Uma coisa era certa. Agora o grupo de assalto precisaria se reunir para ratificar a nova liderança. Na escala hierárquica, no segundo posto de comando, nada mais, nada menos que os gringos. EUA!

- Vamos, vamos. Peguem suas tralhas e entrem nessa banheira que precisamos zarpar! – ordena o sargento com cara de poucos, mas muito poucos amigos.

- Vamos gente! Primeiro as Damas!

- Só se for sua anta, tenente. Ainda não percebeu que não existem mulheres na MERDA?

- Estava brincando sargento...

- Vamos, vamos. Entrem antes que isso afunde.

O que o sargento não esperava era a surpresa reservada no interior do tronco. Uma embarcação aparelhadíssima. Sistema GPS de navegação, sonar, radar, frigobar, forno microondas, churrasqueira, Tv de Plasma combo DVD conjugado com home teather dolby digital suround e um jogo de baralho. Para comunicação móvel de dados cinco notebooks conectados via cartão PCMCIA 32bits 10/100Mps a uma rede estruturada convergindo para um link de satélite acionado através de uma antena de transmissão de 256Kbps. Possuía uma suíte identificada com uma plaquinha “Sargento” contendo cama vibratória, colchão ortopédico densidade 33, travesseiros de pena de ganso, fronhas e lençóis de seda pura. Central de Ar, banheira de hidromassagem, vidrinhos de sais coloridos e navalhas Winston para o verdadeiro barbear.

- QUI QUIÉ ISSO TENENTE?

- Surpresa chefia. Né Hã?

- DE ONDE SAIU TUDO ISSO?

- Eu posso explicar sargento.

- Então comece, mas... QUI QUIÉ ISSO TENENTE?
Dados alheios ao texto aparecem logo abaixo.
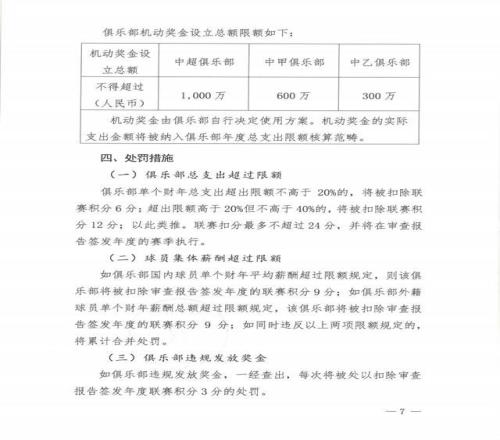 中超俱乐部外援薪酬总额不得超过1000万欧元(税前),中甲俱乐部外援薪酬总额不得超过400万欧元(税前)。中超俱乐部国内球员平均薪酬限额不得超过500万元(税前),中甲国内球员平均薪酬限额不得超过300万元(税前),中乙国内球员平均薪酬限额不得超过50万元(税前)。

- Quando fui requisitar nossa embarcação podia ter pego a de junco, mas aquele negócio do Titica...

- Isso eu já entendi. Estou falando QUI QUIÉ ISSO...

- Então! Lá trabalha a Jursicleide. Aquela servidora pública encalhada e mocréia que sempre deu mole para mim, mas pela graça do Senhor, nunca quis dar nem mole para ela...

- Comeu a baranga então?

- Ainda não senhor. Prometi quando voltarmos.

- Se voltarmos! Existem muitos perigos ocultos. Por isso concordei com sua anta.

- Às vezes eu conto com essa hipótese para escapar dela.

- Mas então ela adiantou esse tronco tecnológico de “grátis”?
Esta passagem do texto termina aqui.